++++ DATA FOR PROCESSING
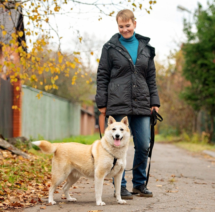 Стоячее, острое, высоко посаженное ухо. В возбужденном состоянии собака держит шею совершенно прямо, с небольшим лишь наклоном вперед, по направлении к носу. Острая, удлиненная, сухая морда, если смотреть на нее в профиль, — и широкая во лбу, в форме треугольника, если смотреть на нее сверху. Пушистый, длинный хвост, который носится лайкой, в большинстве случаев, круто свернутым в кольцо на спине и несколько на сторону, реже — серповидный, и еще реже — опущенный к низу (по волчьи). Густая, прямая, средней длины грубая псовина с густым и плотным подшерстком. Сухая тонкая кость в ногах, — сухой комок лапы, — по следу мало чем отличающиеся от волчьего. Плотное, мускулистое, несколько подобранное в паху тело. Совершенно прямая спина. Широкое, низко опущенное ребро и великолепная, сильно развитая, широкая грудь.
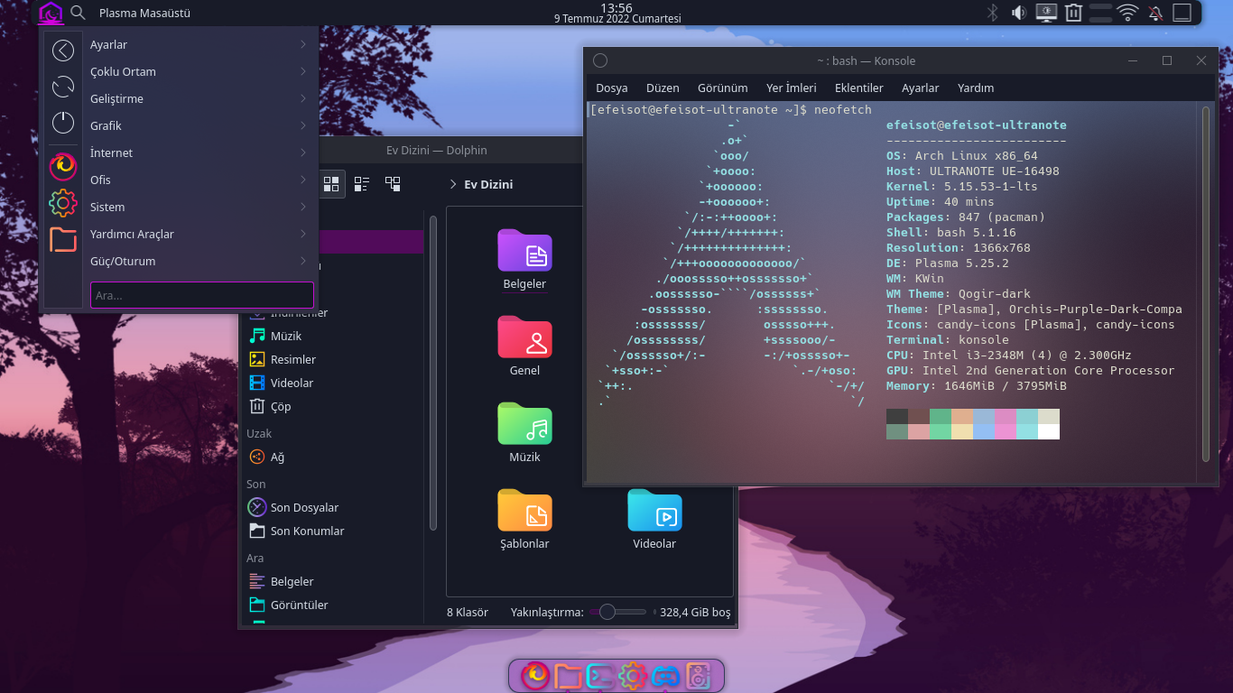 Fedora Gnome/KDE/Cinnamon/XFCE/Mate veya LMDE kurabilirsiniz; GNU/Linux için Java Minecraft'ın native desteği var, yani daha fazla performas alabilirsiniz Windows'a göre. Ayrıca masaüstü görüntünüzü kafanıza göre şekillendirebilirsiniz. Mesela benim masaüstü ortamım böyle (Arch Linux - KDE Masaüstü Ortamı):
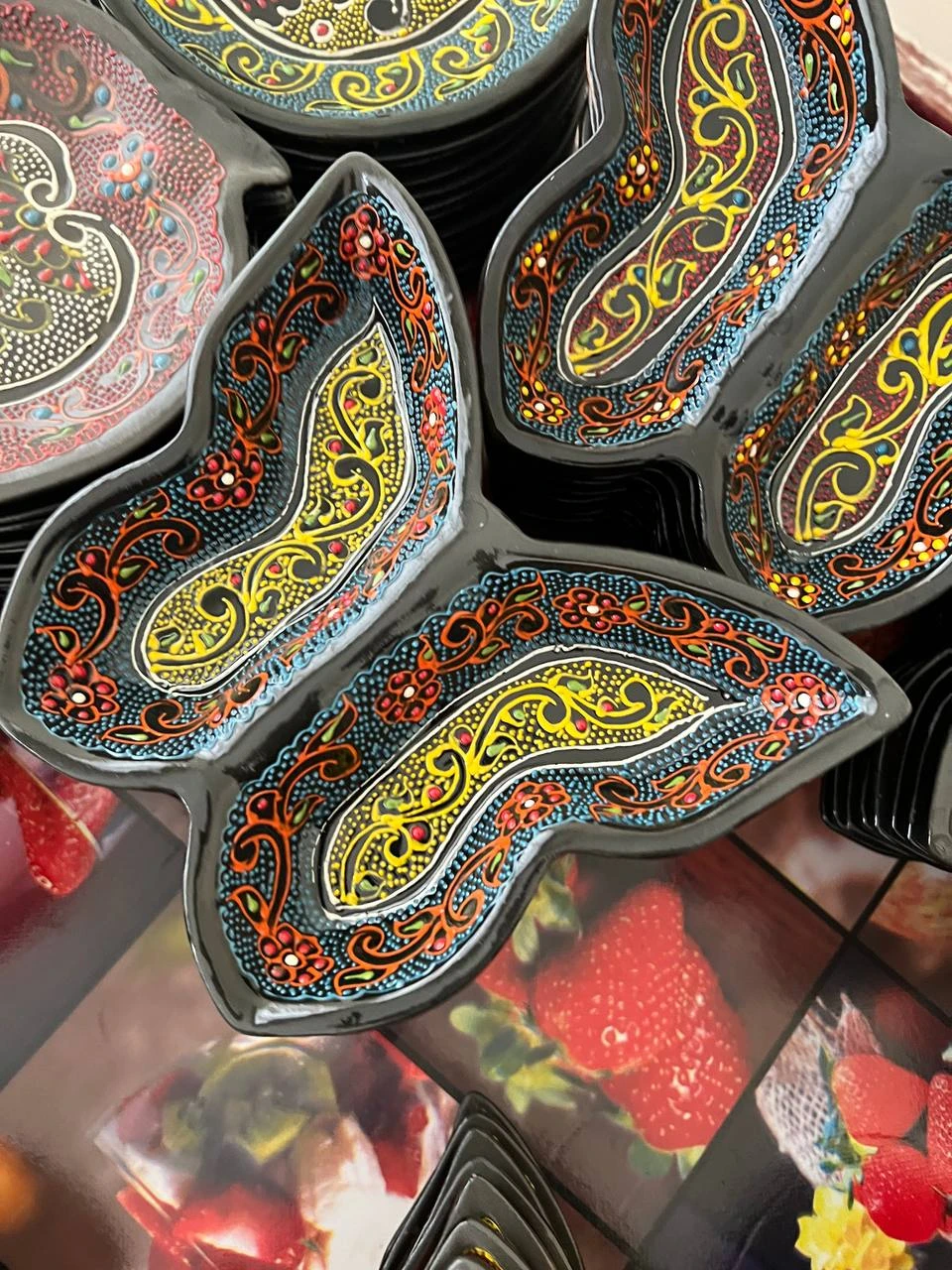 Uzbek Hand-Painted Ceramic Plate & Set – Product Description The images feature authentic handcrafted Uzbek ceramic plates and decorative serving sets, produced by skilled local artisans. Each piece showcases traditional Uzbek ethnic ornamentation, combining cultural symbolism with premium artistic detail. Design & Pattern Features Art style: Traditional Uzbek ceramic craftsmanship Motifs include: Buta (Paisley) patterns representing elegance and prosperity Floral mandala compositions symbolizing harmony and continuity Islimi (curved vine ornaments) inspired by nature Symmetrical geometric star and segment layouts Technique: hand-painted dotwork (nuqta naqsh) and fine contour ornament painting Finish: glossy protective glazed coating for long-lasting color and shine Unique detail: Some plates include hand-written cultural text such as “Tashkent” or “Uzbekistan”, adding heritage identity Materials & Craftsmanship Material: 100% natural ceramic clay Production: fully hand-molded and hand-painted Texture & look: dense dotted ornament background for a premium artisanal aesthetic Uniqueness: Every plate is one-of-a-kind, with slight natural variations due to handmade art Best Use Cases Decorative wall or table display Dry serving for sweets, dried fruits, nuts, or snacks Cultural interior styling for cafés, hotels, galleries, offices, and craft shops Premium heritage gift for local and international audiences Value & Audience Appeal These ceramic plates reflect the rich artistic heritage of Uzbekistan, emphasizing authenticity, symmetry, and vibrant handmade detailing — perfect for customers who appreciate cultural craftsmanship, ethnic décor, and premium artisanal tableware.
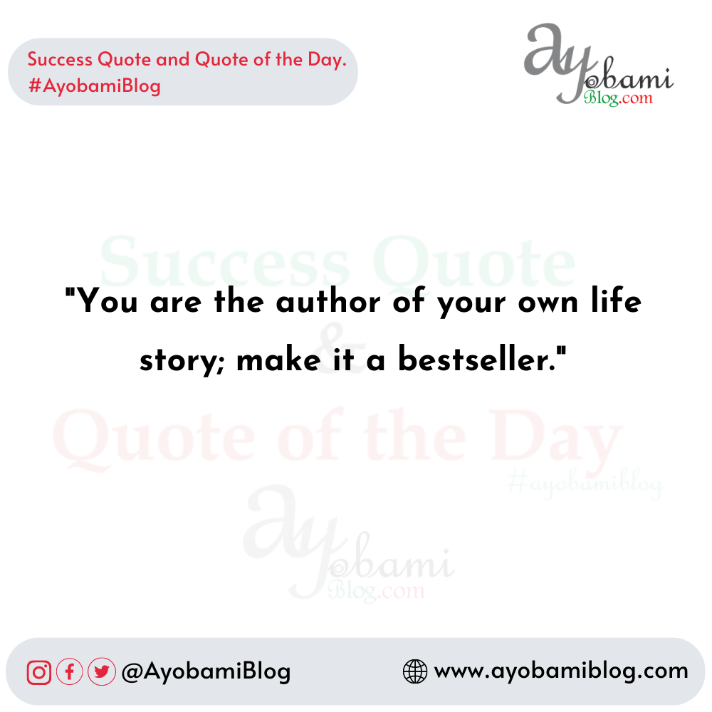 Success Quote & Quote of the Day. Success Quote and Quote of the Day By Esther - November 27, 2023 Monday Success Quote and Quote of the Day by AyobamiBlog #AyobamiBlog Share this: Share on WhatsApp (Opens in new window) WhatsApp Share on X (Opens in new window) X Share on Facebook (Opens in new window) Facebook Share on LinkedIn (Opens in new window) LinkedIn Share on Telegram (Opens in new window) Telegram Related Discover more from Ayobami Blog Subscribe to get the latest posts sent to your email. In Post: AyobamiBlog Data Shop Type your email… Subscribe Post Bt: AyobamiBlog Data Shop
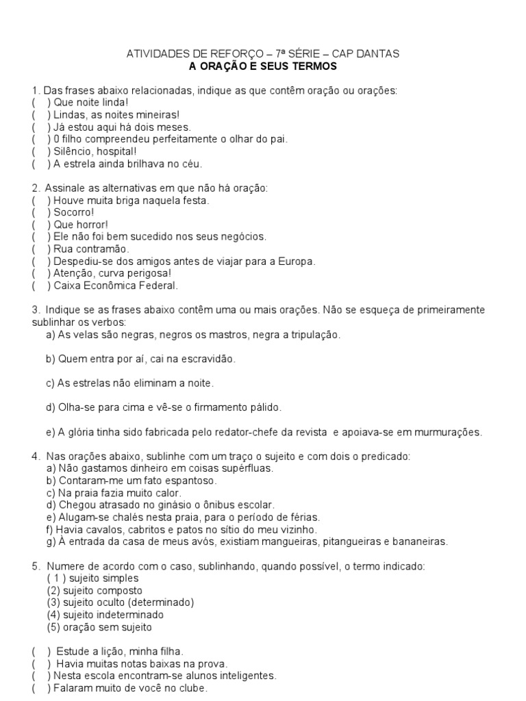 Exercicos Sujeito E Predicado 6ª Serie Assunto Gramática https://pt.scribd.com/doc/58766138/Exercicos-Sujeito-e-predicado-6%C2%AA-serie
++++++++
§ WORK TASK: Write every entry out again exactly, dropping the pictures.

§ RESULT OF THIS TASK:
 Стоячее, острое, высоко посаженное ухо. В возбужденном состоянии собака держит шею совершенно прямо, с небольшим лишь наклоном вперед, по направлении к носу. Острая, удлиненная, сухая морда, если смотреть на нее в профиль, — и широкая во лбу, в форме треугольника, если смотреть на нее сверху. Пушистый, длинный хвост, который носится лайкой, в большинстве случаев, круто свернутым в кольцо на спине и несколько на сторону, реже — серповидный, и еще реже — опущенный к низу (по волчьи). Густая, прямая, средней длины грубая псовина с густым и плотным подшерстком. Сухая тонкая кость в ногах, — сухой комок лапы, — по следу мало чем отличающиеся от волчьего. Плотное, мускулистое, несколько подобранное в паху тело. Совершенно прямая спина. Широкое, низко опущенное ребро и великолепная, сильно развитая, широкая грудь.
 Fedora Gnome/KDE/Cinnamon/XFCE/Mate veya LMDE kurabilirsiniz; GNU/Linux için Java Minecraft'ın native desteği var, yani daha fazla performas alabilirsiniz Windows'a göre. Ayrıca masaüstü görüntünüzü kafanıza göre şekillendirebilirsiniz. Mesela benim masaüstü ortamım böyle (Arch Linux - KDE Masaüstü Ortamı):
 Uzbek Hand-Painted Ceramic Plate & Set – Product Description The images feature authentic handcrafted Uzbek ceramic plates and decorative serving sets, produced by skilled local artisans. Each piece showcases traditional Uzbek ethnic ornamentation, combining cultural symbolism with premium artistic detail. Design & Pattern Features Art style: Traditional Uzbek ceramic craftsmanship Motifs include: Buta (Paisley) patterns representing elegance and prosperity Floral mandala compositions symbolizing harmony and continuity Islimi (curved vine ornaments) inspired by nature Symmetrical geometric star and segment layouts Technique: hand-painted dotwork (nuqta naqsh) and fine contour ornament painting Finish: glossy protective glazed coating for long-lasting color and shine Unique detail: Some plates include hand-written cultural text such as “Tashkent” or “Uzbekistan”, adding heritage identity Materials & Craftsmanship Material: 100% natural ceramic clay Production: fully hand-molded and hand-painted Texture & look: dense dotted ornament background for a premium artisanal aesthetic Uniqueness: Every plate is one-of-a-kind, with slight natural variations due to handmade art Best Use Cases Decorative wall or table display Dry serving for sweets, dried fruits, nuts, or snacks Cultural interior styling for cafés, hotels, galleries, offices, and craft shops Premium heritage gift for local and international audiences Value & Audience Appeal These ceramic plates reflect the rich artistic heritage of Uzbekistan, emphasizing authenticity, symmetry, and vibrant handmade detailing — perfect for customers who appreciate cultural craftsmanship, ethnic décor, and premium artisanal tableware.
 Success Quote & Quote of the Day. Success Quote and Quote of the Day By Esther - November 27, 2023 Monday Success Quote and Quote of the Day by AyobamiBlog #AyobamiBlog Share this: Share on WhatsApp (Opens in new window) WhatsApp Share on X (Opens in new window) X Share on Facebook (Opens in new window) Facebook Share on LinkedIn (Opens in new window) LinkedIn Share on Telegram (Opens in new window) Telegram Related Discover more from Ayobami Blog Subscribe to get the latest posts sent to your email. In Post: AyobamiBlog Data Shop Type your email… Subscribe Post Bt: AyobamiBlog Data Shop
 Exercicos Sujeito E Predicado 6ª Serie Assunto Gramática https://pt.scribd.com/doc/58766138/Exercicos-Sujeito-e-predicado-6%C2%AA-serie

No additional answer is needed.